For anyone lucky enough to have lived through the long arc of his career, the death of the funny, dry, deadpan Martin Mull on Thursday at age 80 feels like the end of an era. A writer, songwriter, musician, comedian, comic actor and, away from the spotlight, serious painter, Mull was a comforting and disturbing presence – deceptively normal, even bland, but with a spark of evil. Martin Mull is with us, it was thought, and that at least agrees with the world.
There was a kind of timelessness about him. As a well-dressed, articulate young man, he seemed older than his years; later, with his owlish eyes behind his glasses, he came across as oddly childlike. He leaves behind a long, unbroken string of screen credits, beginning with Norman Lears's small-town soap opera satire Mary Hartman, Mary Hartman, and including regular roles on Roseanne and Sabrina the Teenage Witch, recurring roles on Veep and Arrested Development, and guest spots ranging from Taxi to Law & Order: Special Victims Unit and in films such as Mr. Mom, Clue, and Mrs. Doubtfire. And so it seemed that he would always be there, working. Yet his appearances were never quite expected, or in the expected place. But he was always welcome, and always perfect for the job.

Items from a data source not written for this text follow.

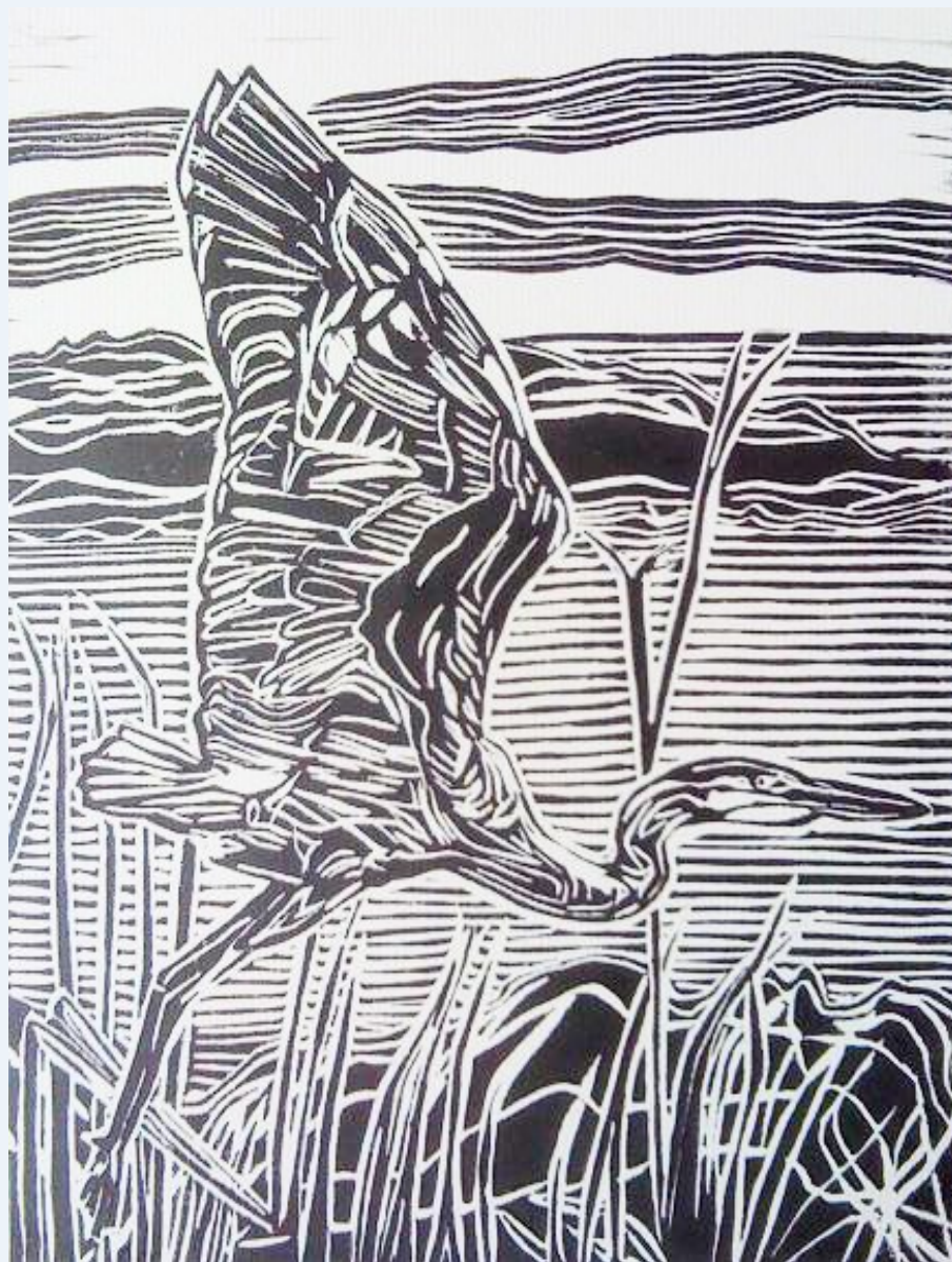
"Heron—2." 10" X 10," soft block print, acrylic block print ink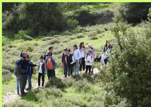
Pausing to study the plants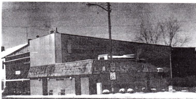
Senior Citizens Building at 10-12 West Monroe St.

Crown Equipment Corp. is now reinforcing and remodeling the old theatre building. Maybe one day we will again have a "Crown Theatre" in New Bremen???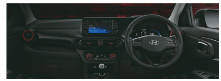
Black interiors with red accents & stitching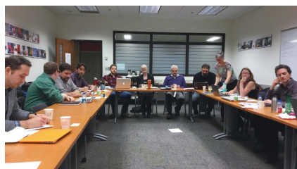
RPLC members meetings held at Concordia University, Montreal.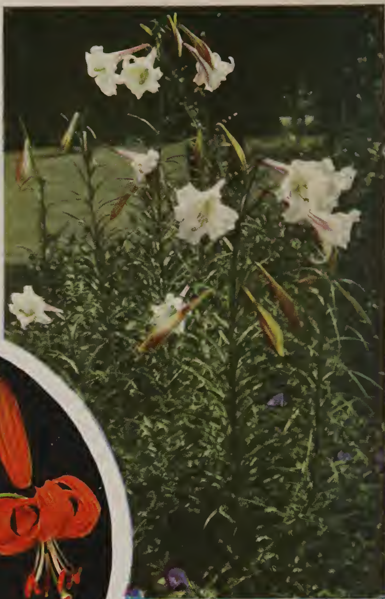
Lilium Philippinense Formosanum See page 48.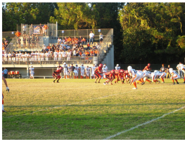
Christian schools & Christian homeschool teams will compete in the 2013 National High School Football Tournament

Tuesday, Nov 12th, 2013 thru Friday, Nov 15th, 2013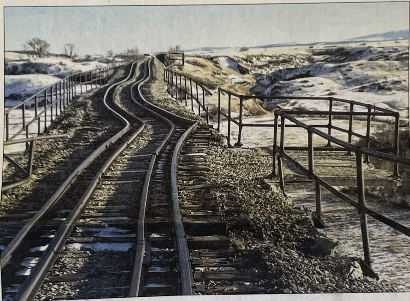
Once ruler-straight, the tracks across the Judith River Trestle now bend and sag due to damage caused by last spring's floods.

Like Steve Martin, his friend and a few years younger, he was an accomplished instrumentalist; as a purveyor of witty humorous songs, he was in the tradition of Tom Lehrer and Flanders and Swann and the equal of Dan Hicks, with whom he shared a taste for floral-print shirts. He was a countercultural cabaret performer who stood out from the counterculture, and, like Martin, he dressed well at a time when young comedians grew their hair long and wore street clothes to distinguish themselves from their suit-and-tie elders.
But where Martin was a whirlwind of flailing arms and legs, Mull worked in a still place; indeed, his first appearances found him seated. His on-stage musical number, called Martin Mull & His Fabulous Furniture, found him in his favorite prop, a large armchair, leaning forward on his big hollow-body guitar (have you ever seen one? It's electric. You'll find it will see a lot in the near future). He later leaned back into the role of Barth Gimble, the host of the talk show parodies Fernwood 2Night and America 2Night. Even his solo appearances on The Tonight Show, in which he was a consistently hilarious, blues-voiced guest, usually playing off his show business career, were broadcast seated.
In Mary Hartman, Mary Hartman, Mull played Garth Gimble, an abusive husband who died impaled on a Christmas tree star; it seems as if Garth had to die so that Barth, his twin brother, could live. In the spinoff Fernwood 2Night, Mull as Barth and Fred Willard, as his trusting sidekick Jerry Hubbard, created a telepathic double act in which they could seem like antithetical expressions of a single character. Together, the talk shows lasted only two summer seasons, but because they appeared weekly — they adopted the form of the thing being parodied — produced 130 episodes, which gave them cultural clout. (You can find excerpts of them all over the Internet.) Mull and Willard would work together again over the years, in Mull’s Cinemax series The History of White People in America and the follow-up feature Portrait of a White Marriage, in commercials for Red Roof. Inn, as a gay couple on Roseanne and as robots on Dexter's Laboratory.
Mull grew up in North Ridgeville, Ohio, not far from Fernwood in his imagination, and white insularity was a theme of his comedy. My first memory of Mull was the 1973 album Martin Mull & His Fabulous Furniture in Your Living Room! , which opened with a tubas-played version of Dueling Banjos and included a Lake Erie Delta blues song he supposedly learned from his real-estate grandfather; it was performed on a ukulele with a baby bottle as a slide: I woke up this afternoon/Both cars were gone/I felt so bad inside/I threw my drink on the lawn.
The history of white people in America, he told David Letterman, would examine what white Anglo-Saxon Protestants have done in this country since World War I. This will need to be examined closely. One memorable Fernwood episode shows a Jew stopped for speeding while driving through town like some sort of exotic animal, for the benefit of Fernwood residents who may have never seen a real living Jew before. I hope that suits you, said Barth, welcoming his guest. I don't know what you're used to.
Like many great comedians—the Marx Brothers and W. C. Fields before him, or Martin and Albert Brooks in his day—Mull was a hot-headed outsider who found success as an insider while remaining essentially untamed. It is no small matter that he was, from beginning to end, a serious artist, an undergraduate and graduate of the Rhode Island School of Design—where, not coincidentally, the Talking Heads were later born. He saw show business as a day job that allowed him to devote himself to painting.
We were lucky that he needed this job.